## EXERCISE PROMPT
In the data below, find each line containing the string "específico" and return it.

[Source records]
■ ■ ■

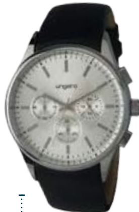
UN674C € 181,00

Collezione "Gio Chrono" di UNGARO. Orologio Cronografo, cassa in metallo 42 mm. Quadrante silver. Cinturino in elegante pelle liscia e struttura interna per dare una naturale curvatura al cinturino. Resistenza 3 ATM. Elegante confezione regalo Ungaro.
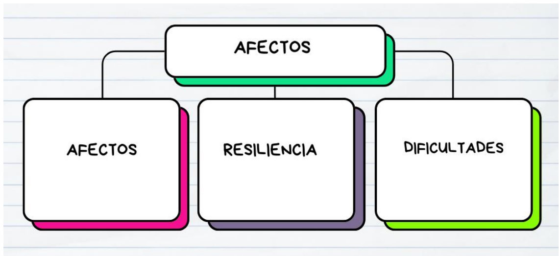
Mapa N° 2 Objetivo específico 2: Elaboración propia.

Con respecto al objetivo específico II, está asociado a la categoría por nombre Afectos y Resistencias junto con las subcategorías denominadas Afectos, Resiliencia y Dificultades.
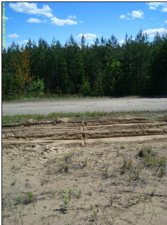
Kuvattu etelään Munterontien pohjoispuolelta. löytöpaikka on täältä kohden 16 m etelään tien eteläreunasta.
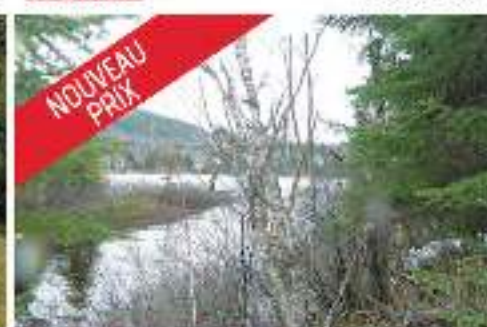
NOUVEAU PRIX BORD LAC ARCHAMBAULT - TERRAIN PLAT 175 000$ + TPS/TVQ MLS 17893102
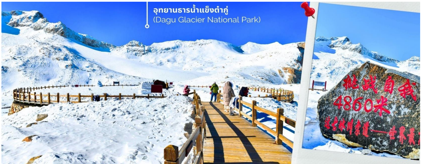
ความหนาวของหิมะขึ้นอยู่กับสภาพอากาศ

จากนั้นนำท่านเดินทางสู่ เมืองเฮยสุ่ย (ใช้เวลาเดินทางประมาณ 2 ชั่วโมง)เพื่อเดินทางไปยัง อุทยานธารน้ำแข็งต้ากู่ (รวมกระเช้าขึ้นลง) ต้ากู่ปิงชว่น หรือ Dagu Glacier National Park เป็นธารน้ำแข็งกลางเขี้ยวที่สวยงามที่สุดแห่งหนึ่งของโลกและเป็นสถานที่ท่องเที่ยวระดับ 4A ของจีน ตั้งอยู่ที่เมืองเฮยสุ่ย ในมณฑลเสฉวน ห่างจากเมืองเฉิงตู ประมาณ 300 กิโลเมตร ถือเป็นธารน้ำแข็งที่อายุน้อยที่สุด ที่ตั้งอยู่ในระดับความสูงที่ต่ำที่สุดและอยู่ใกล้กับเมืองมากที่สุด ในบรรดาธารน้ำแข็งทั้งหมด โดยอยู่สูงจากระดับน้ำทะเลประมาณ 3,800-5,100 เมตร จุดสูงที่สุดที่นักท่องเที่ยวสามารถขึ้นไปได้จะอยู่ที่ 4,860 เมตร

■ ■ ■

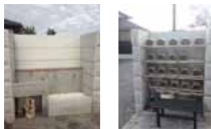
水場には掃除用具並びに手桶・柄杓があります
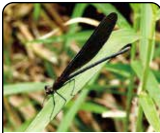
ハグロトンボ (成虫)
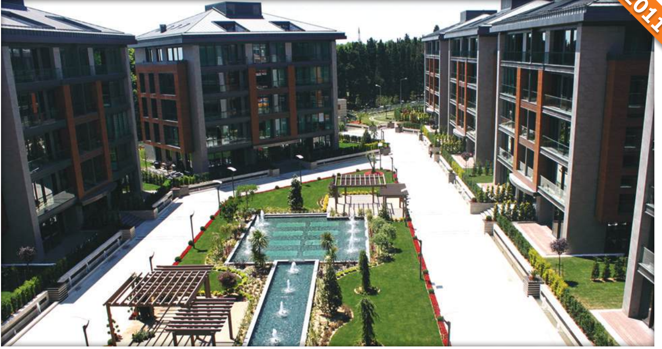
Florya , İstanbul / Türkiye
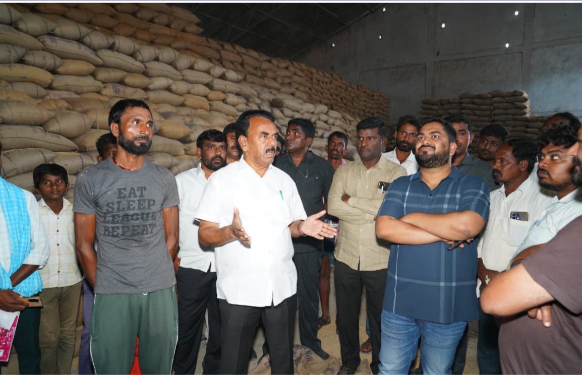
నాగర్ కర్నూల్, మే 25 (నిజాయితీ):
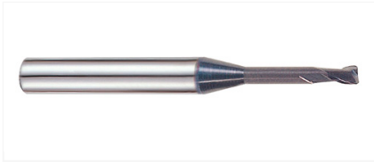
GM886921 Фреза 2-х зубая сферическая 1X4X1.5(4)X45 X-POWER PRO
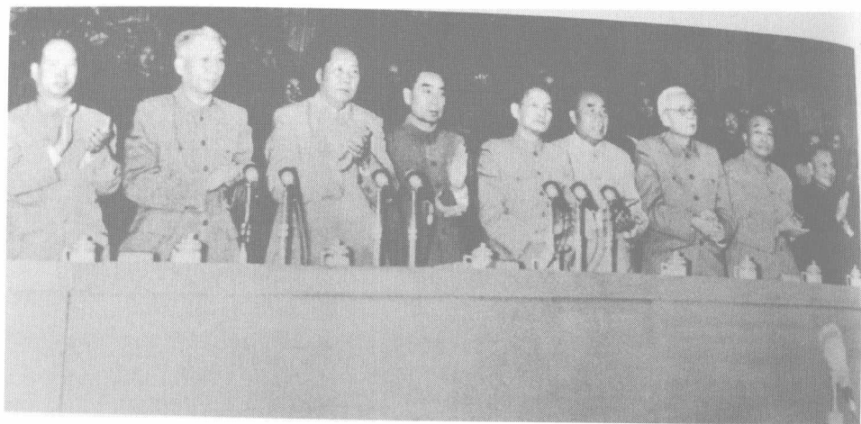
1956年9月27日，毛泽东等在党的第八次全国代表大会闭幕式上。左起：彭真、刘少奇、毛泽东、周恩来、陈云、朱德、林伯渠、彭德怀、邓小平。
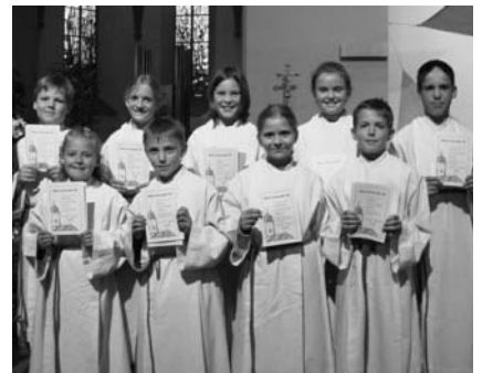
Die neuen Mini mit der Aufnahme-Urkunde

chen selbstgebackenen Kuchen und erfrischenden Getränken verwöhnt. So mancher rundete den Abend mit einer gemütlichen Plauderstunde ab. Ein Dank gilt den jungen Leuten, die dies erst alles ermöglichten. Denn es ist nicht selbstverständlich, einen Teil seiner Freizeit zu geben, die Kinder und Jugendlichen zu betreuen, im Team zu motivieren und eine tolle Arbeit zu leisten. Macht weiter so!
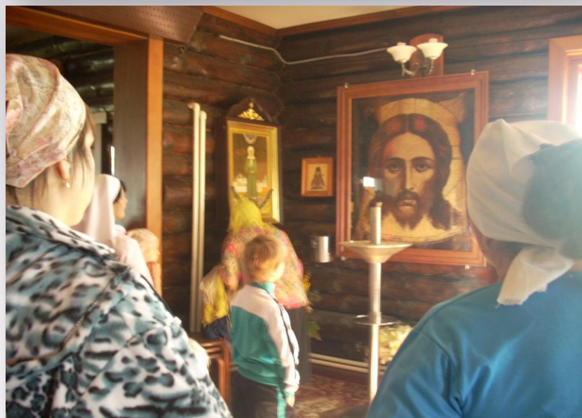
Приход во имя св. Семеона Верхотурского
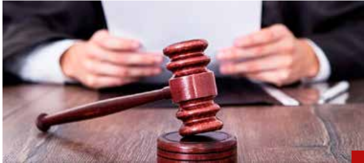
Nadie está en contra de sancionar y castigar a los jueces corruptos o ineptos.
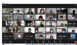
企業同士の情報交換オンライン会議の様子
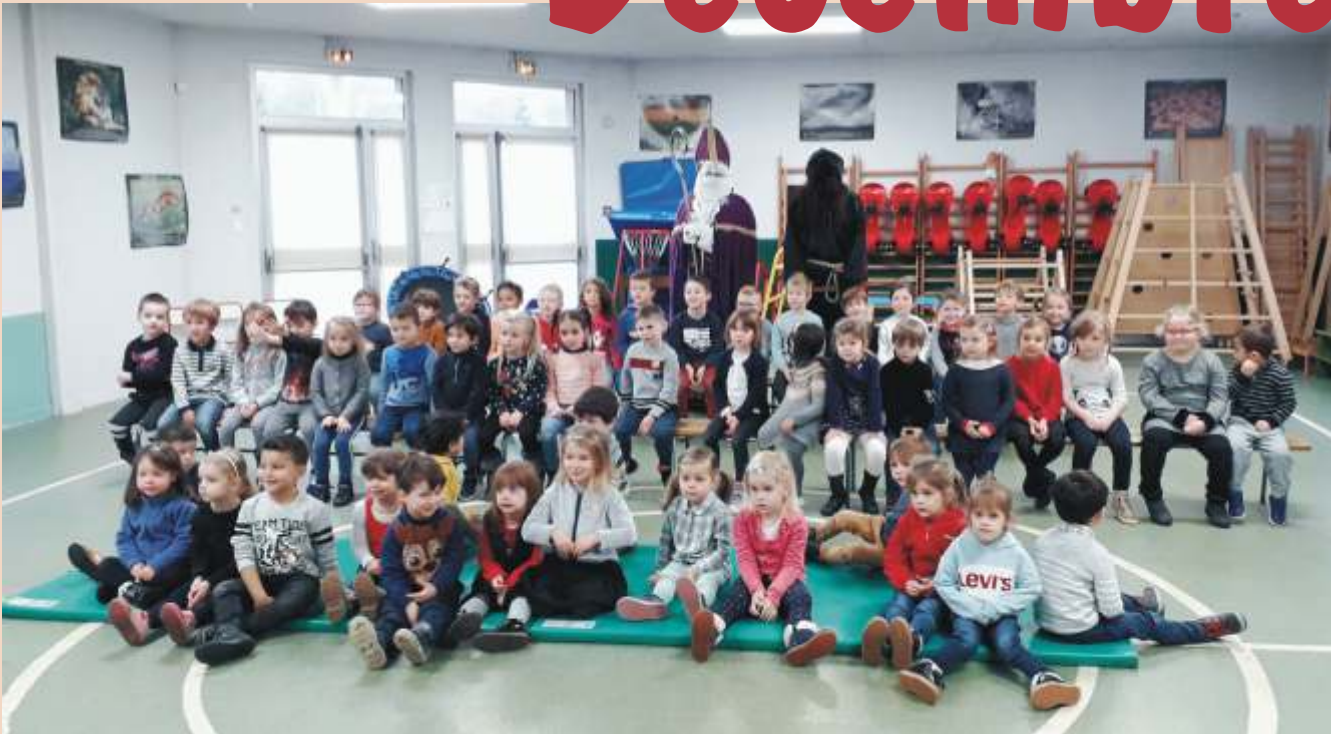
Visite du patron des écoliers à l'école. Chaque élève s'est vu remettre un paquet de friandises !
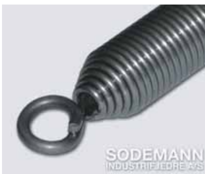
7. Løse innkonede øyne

■ ■ ■

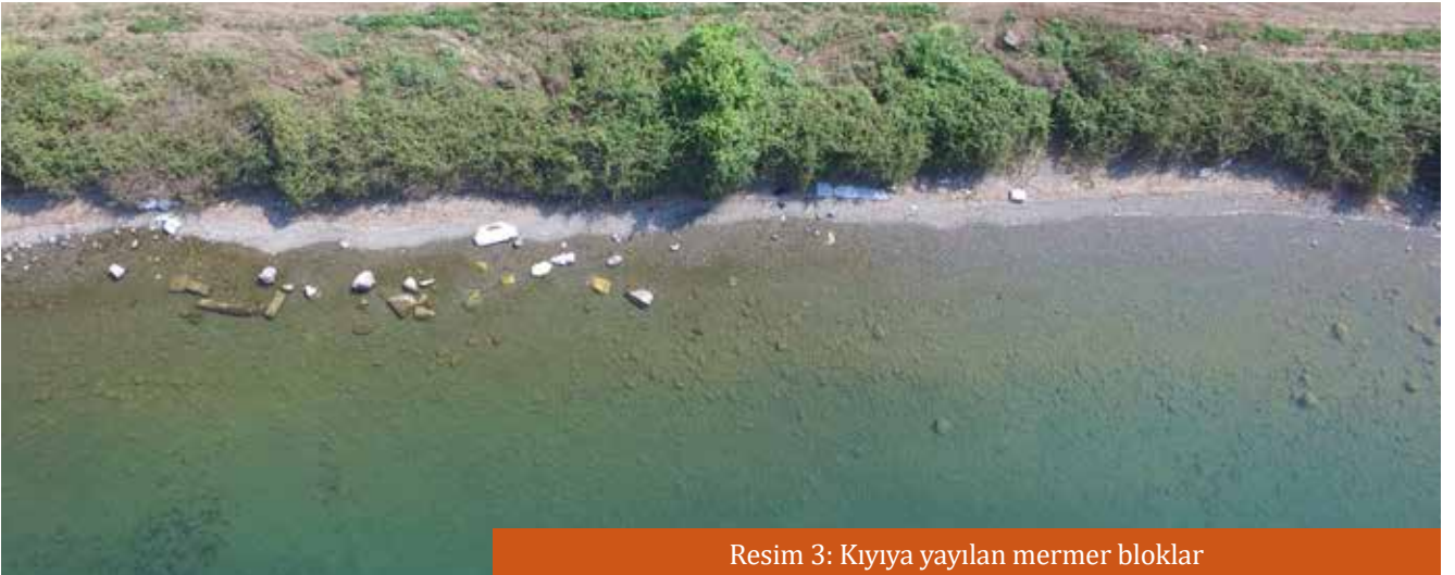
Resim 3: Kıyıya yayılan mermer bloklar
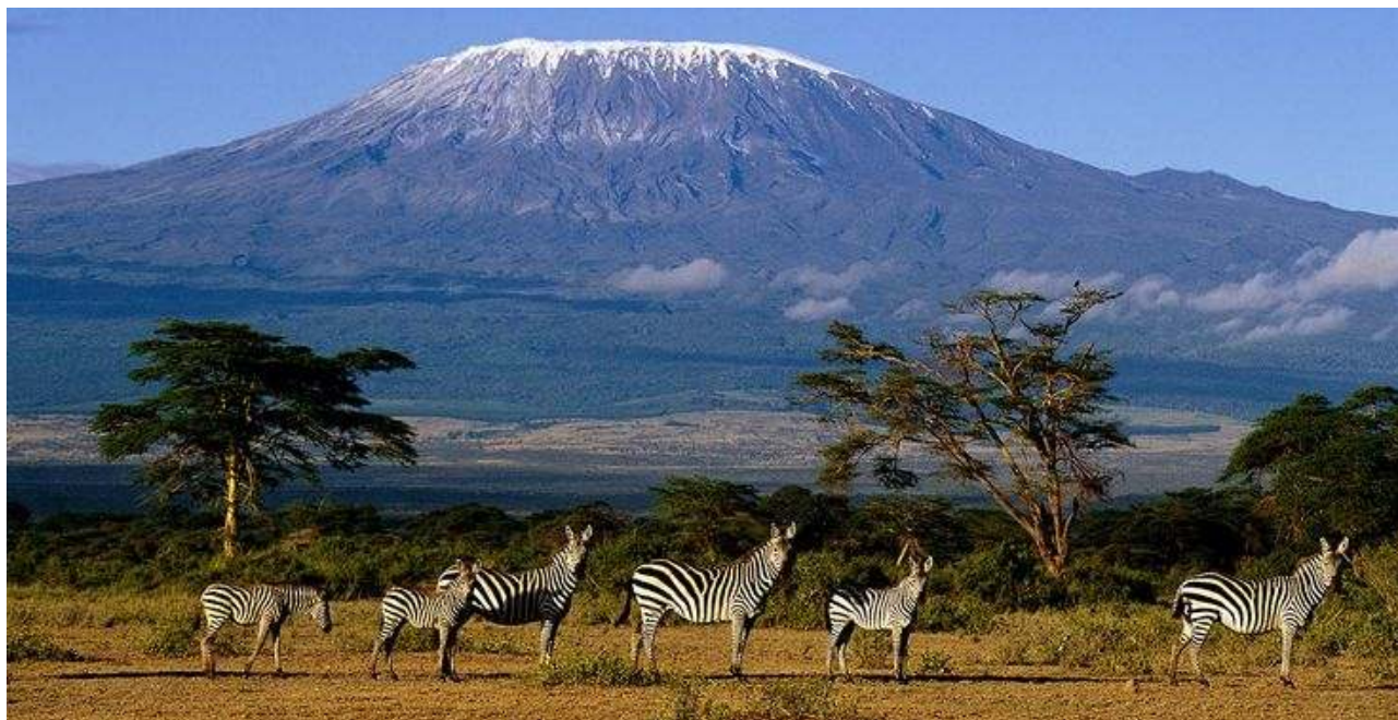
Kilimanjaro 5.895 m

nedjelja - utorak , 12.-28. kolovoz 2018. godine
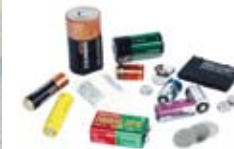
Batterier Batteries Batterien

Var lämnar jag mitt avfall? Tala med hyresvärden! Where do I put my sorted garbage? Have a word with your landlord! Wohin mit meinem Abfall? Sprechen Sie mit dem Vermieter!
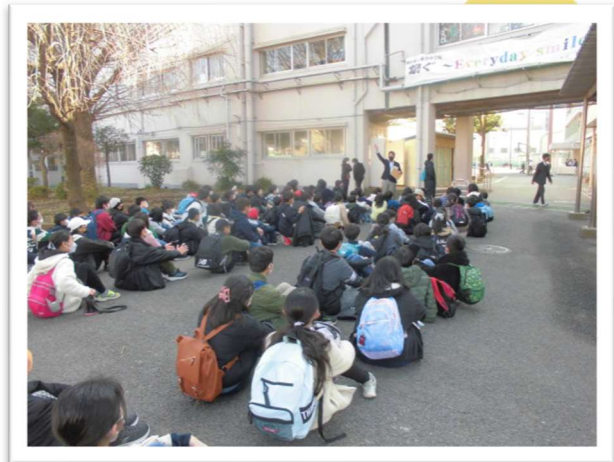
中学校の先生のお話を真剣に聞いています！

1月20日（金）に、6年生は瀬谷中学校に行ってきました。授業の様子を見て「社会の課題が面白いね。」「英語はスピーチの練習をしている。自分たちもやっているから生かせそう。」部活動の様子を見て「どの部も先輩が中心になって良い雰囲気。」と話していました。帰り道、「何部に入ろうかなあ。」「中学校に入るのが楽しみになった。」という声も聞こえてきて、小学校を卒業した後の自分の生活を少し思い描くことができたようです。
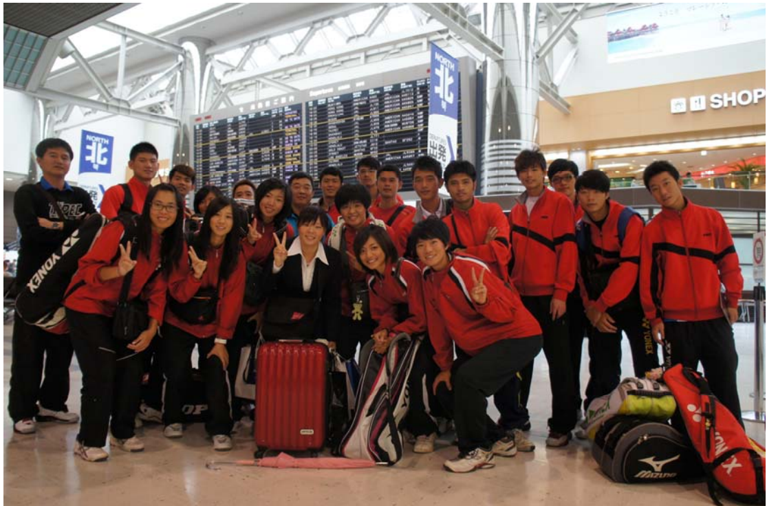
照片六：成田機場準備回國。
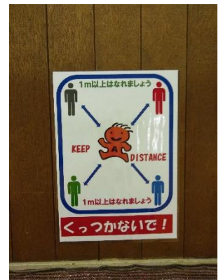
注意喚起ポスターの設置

■ ■ ■

## ANSWER SPACE
Mapa N° 2 Objetivo específico 2: Elaboración propia.
Con respecto al objetivo específico II, está asociado a la categoría por nombre Afectos y Resistencias junto con las subcategorías denominadas Afectos, Resiliencia y Dificultades.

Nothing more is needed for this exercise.